To minimize costs for bidders, we wrote a gas-optimized library to verify balance proofs on-chain that builds on contractswritten by the Aragon team (who pioneered on-chain storage proofs in 2018), and Hamdi Allam’s contracts for on-chain RLP decoding. Our library uses a number of low-level tricks and optimizations that rely on the particular structure of the state trie, so it cannot be used for generic Merkle-Patricia trie proofs. In return, it allows the SneakyAuction contract to verify the past balance of a vault in less than 30,000 gas.

We also wrote a lightweight JavaScript wrapper for the eth_getProof RPC method.
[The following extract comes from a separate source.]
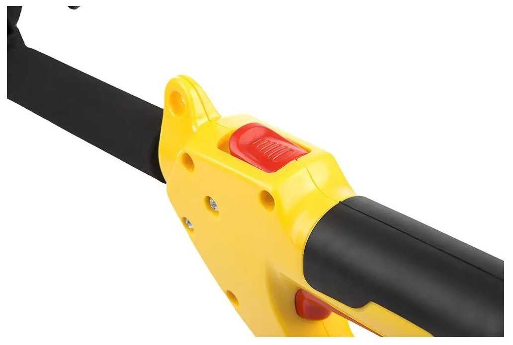 - Кнопка включения с плавным пуском набирает обороты до 7500 об/мин постепенно, предотвращая рывки и повышая безопасность на неровной местности.

Given an address and block number, it returns the balance proof and RLP-serialized block header, which can be used to reveal a bid.

How it compares

Let’s compare our new SneakyAuction approach against the OverCollateralizedAuction design we last released, along several key dimensions that technical designers or users care about: gas costs, user experience, and privacy.

Gas costs

SneakyAuction’s revealBid, endAuction, and withdrawCollateral functions require deploying a SneakyVault, so they are more expensive than their OverCollateralizedAuction counterparts. revealBid is particularly expensive because it also verifies a balance proof, which costs about 25,000 gas.
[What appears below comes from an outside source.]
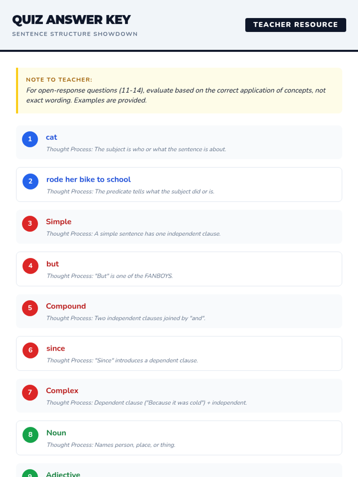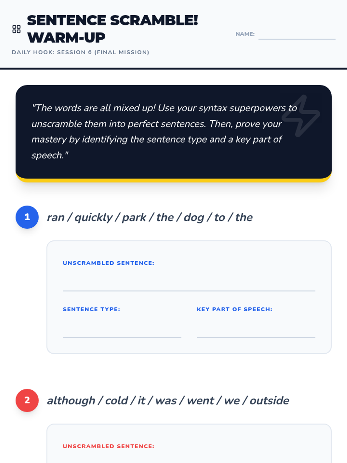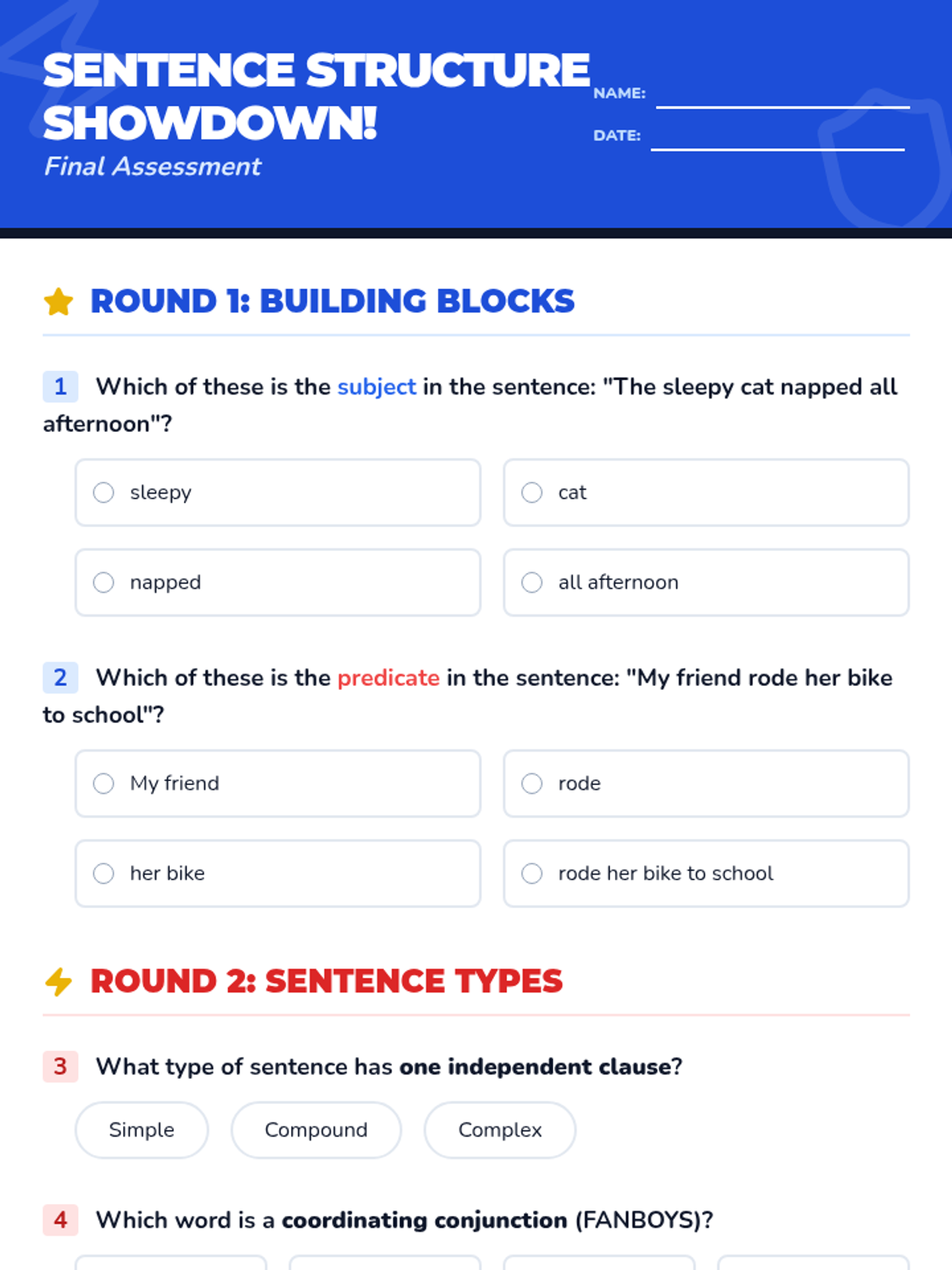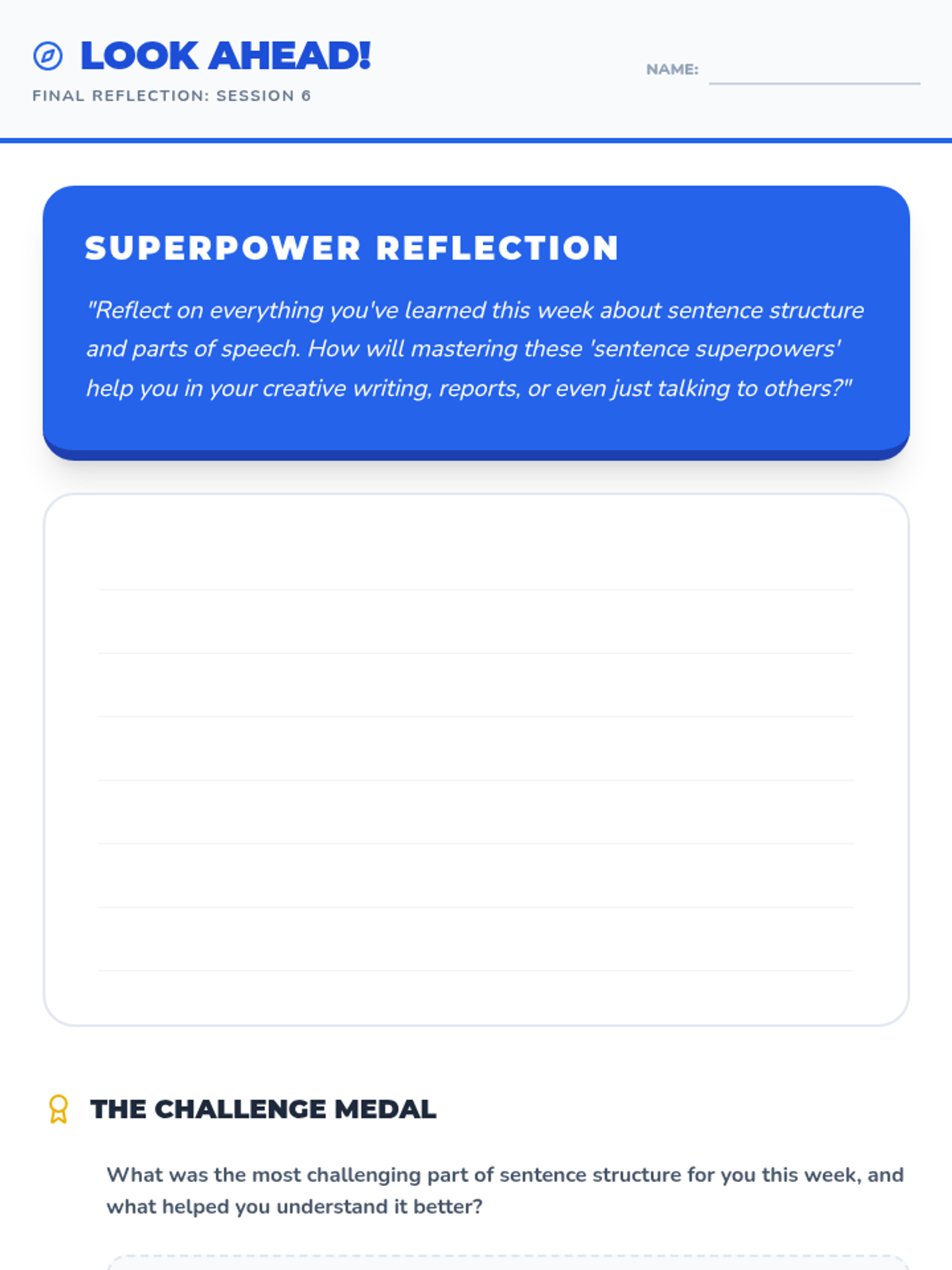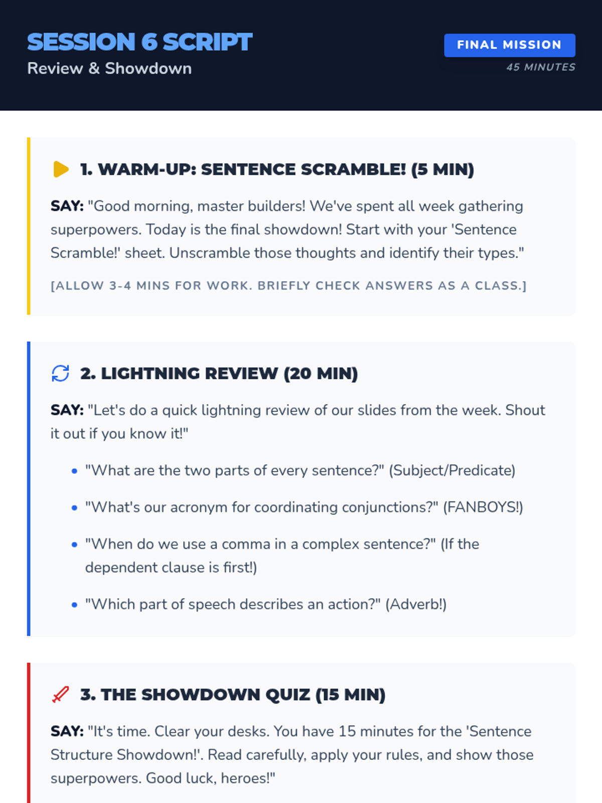 A culminating session where students review all sentence types and parts of speech before demonstrating their mastery in a final assessment.

OverCollateralizedAuction SneakyAuction
createAuction 132,625 112,296
commitBid 46,120 21,000 (cost of an ETH transfer)
revealBid 33,728 135,741
endAuction 57,652 87,340
withdrawCollateral 30,426 65,825

Approximate gas costs of different operations, based on Foundry unit tests

User experience

Although the two implementations follow a similar overall flow (bidding phase, reveal phase, auction ends), there are some differences in user experience. SneakyAuction has a few minor disadvantages:

  • The experience of sending ETH to an undeployed vault, though it could be abstracted away by the front-end, is potentially confusing for users who examine their bid transaction on a block explorer.
  • With OverCollateralizedAuction, it’s possible to end the auction early if all bids have been revealed. This is not possible in SneakyAuction because the contract has no way of knowing how many bids have been committed.
  • Bidders can update their bid and top up their collateral with OverCollateralizedAuction by calling commitBid again. In SneakyAuction, bidders can’t make updates once the bid’s vault has been collateralized.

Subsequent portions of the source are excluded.